Omit the pictures from the entries below and retype everything else exactly.
§
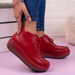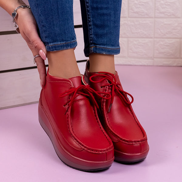 Дамски боти Safira - Red са ежедневен модел, изработен от естествена кожа с дебелина на подметката - 5 см.
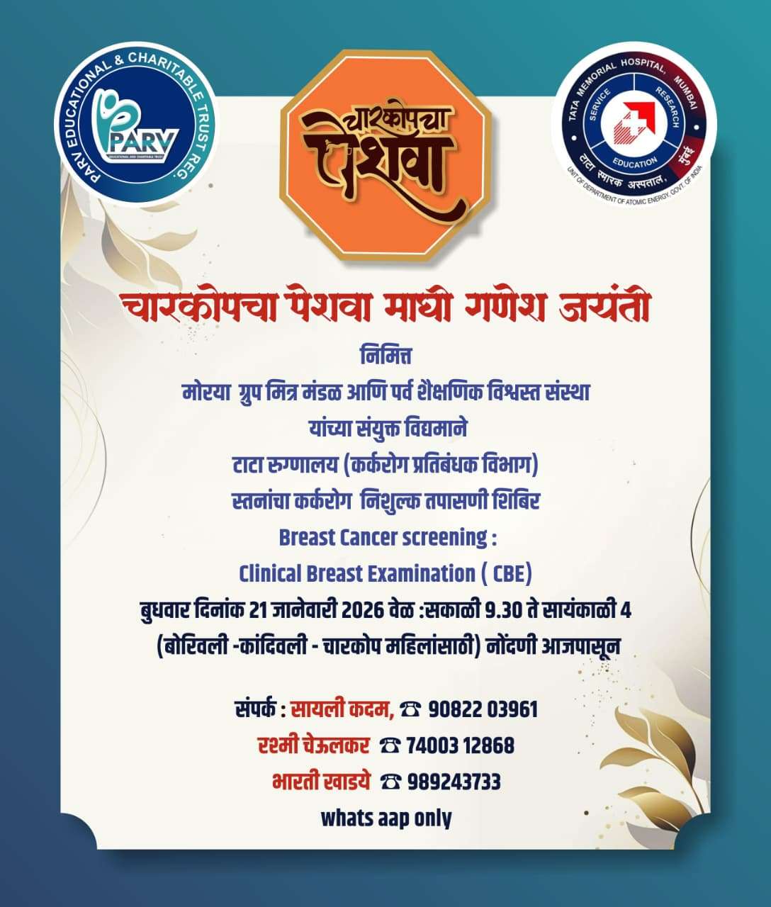 प्रति वर्षी प्रमाणे उपरोक्त मंडळाच्या वतीने मिती माघ शुध्द चतुर्थी फाल्गुन शके १९४७ गुरुवार दिनांक २२ जानेवारी २०२६ ते बुधवार दिनांक २८ जानेवारी २०२६ या कालावधीत “माघी गणेशोत्सव” साजरा करण्यात येत आहे. मंडळाच्या वतीने सांस्कृतीक व धार्मिक कार्यक्रमाचे आयोजन करण्यात आले आहे, आपण या कार्यक्रमांस उपस्थित रहावे हेच आग्रहाचे निमंत्रण ! चारकोपचा राजा या मंडळाची
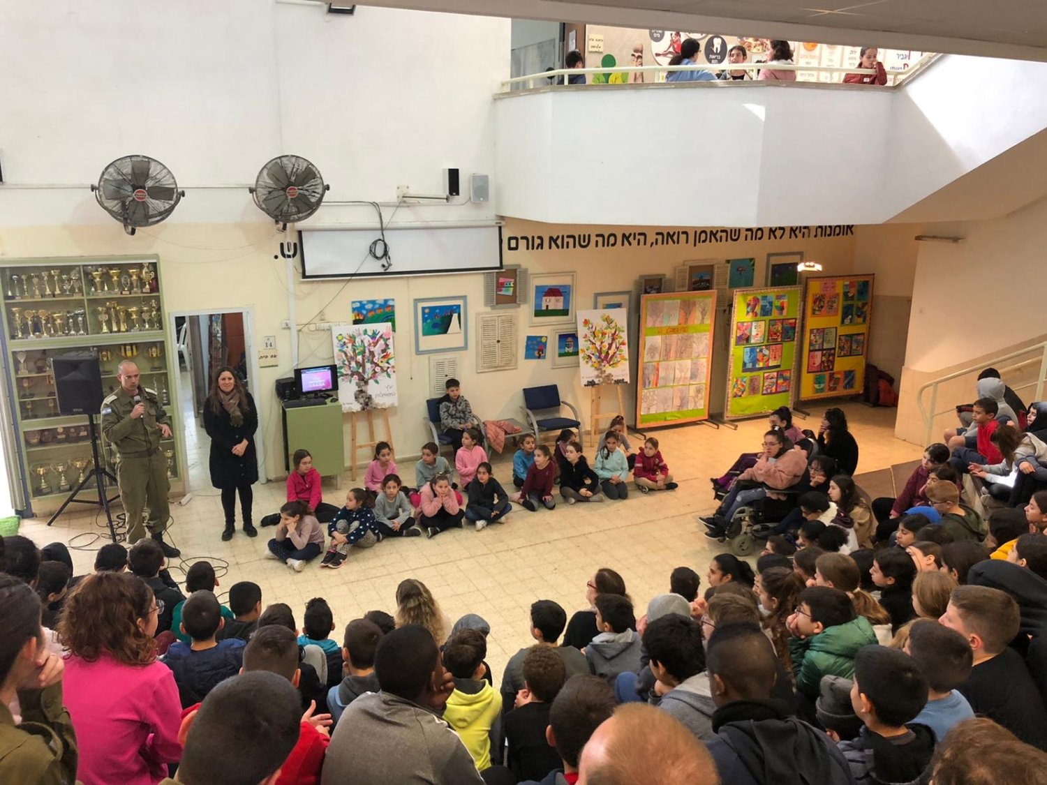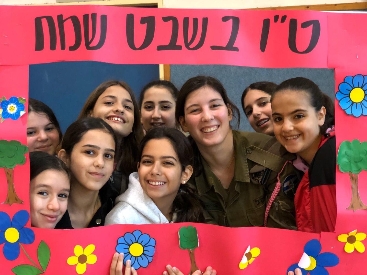 חיילי וקציני ביה״ס לתיאום וקישור יחד עם ביה״ס יסודי ״שקד״ בנס ציונה ועמותת ״ניצני ראשון״ בפעילות משותפת לכבוד חג הט"ו בשבט
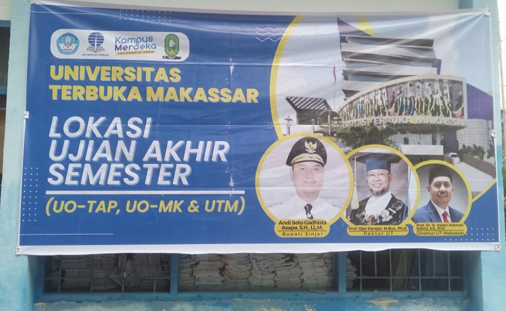 Semua lokasi yang jadi tempat pelaksanaan ujian final bagi 6000 lebih mahasiswa UT Makassar dipasangi spanduk info tentang UT dengan memasang dalam spanduk, foto Rektor UT, Prof Ojat Darojat, M.Bus, Ph.D, Direktur UT Makassar serta foto para bupati di daerah bersangkutan.
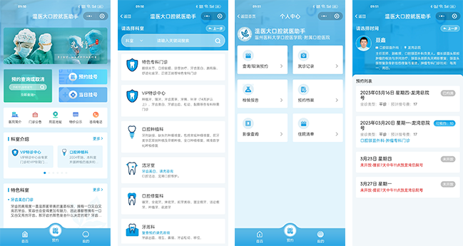 為溫醫(yī)大附屬口腔醫(yī)院開發(fā)的微信小程序應(yīng)用,根據(jù)需求進(jìn)行整體UI設(shè)計,呈現(xiàn)更好地視覺效果,優(yōu)化患者預(yù)約、查詢等功能的用戶體驗(yàn)。包括預(yù)約掛號、當(dāng)日掛號、科室介紹、物價公示、專家介紹、查詢就診記錄、體檢報告、醫(yī)療影像、住院清單等功能,助力醫(yī)院更好服務(wù)患者。
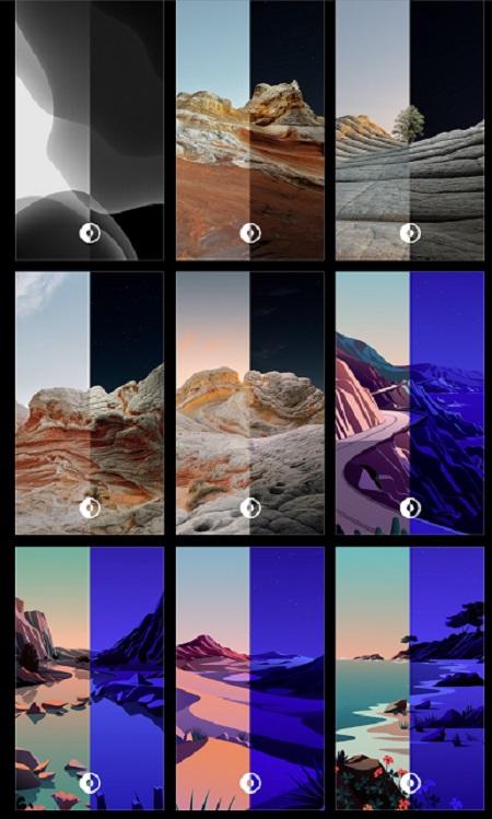 기존의 배경화면으로 쓰이는 13종의 스틸 이미지에 새로운 8개의 배경화면이 추가되었습니다. 크게 실사 이미지를 바탕으로 한 배경화면과 백터 그래픽화한 일러스트 배경화면 이미지로 구분할 수 있습니다.
§
→ **OUTPUT**
 Дамски боти Safira - Red са ежедневен модел, изработен от естествена кожа с дебелина на подметката - 5 см.
 प्रति वर्षी प्रमाणे उपरोक्त मंडळाच्या वतीने मिती माघ शुध्द चतुर्थी फाल्गुन शके १९४७ गुरुवार दिनांक २२ जानेवारी २०२६ ते बुधवार दिनांक २८ जानेवारी २०२६ या कालावधीत “माघी गणेशोत्सव” साजरा करण्यात येत आहे. मंडळाच्या वतीने सांस्कृतीक व धार्मिक कार्यक्रमाचे आयोजन करण्यात आले आहे, आपण या कार्यक्रमांस उपस्थित रहावे हेच आग्रहाचे निमंत्रण ! चारकोपचा राजा या मंडळाची
 חיילי וקציני ביה״ס לתיאום וקישור יחד עם ביה״ס יסודי ״שקד״ בנס ציונה ועמותת ״ניצני ראשון״ בפעילות משותפת לכבוד חג הט"ו בשבט
 Semua lokasi yang jadi tempat pelaksanaan ujian final bagi 6000 lebih mahasiswa UT Makassar dipasangi spanduk info tentang UT dengan memasang dalam spanduk, foto Rektor UT, Prof Ojat Darojat, M.Bus, Ph.D, Direktur UT Makassar serta foto para bupati di daerah bersangkutan.
 為溫醫(yī)大附屬口腔醫(yī)院開發(fā)的微信小程序應(yīng)用,根據(jù)需求進(jìn)行整體UI設(shè)計,呈現(xiàn)更好地視覺效果,優(yōu)化患者預(yù)約、查詢等功能的用戶體驗(yàn)。包括預(yù)約掛號、當(dāng)日掛號、科室介紹、物價公示、專家介紹、查詢就診記錄、體檢報告、醫(yī)療影像、住院清單等功能,助力醫(yī)院更好服務(wù)患者。
 기존의 배경화면으로 쓰이는 13종의 스틸 이미지에 새로운 8개의 배경화면이 추가되었습니다. 크게 실사 이미지를 바탕으로 한 배경화면과 백터 그래픽화한 일러스트 배경화면 이미지로 구분할 수 있습니다.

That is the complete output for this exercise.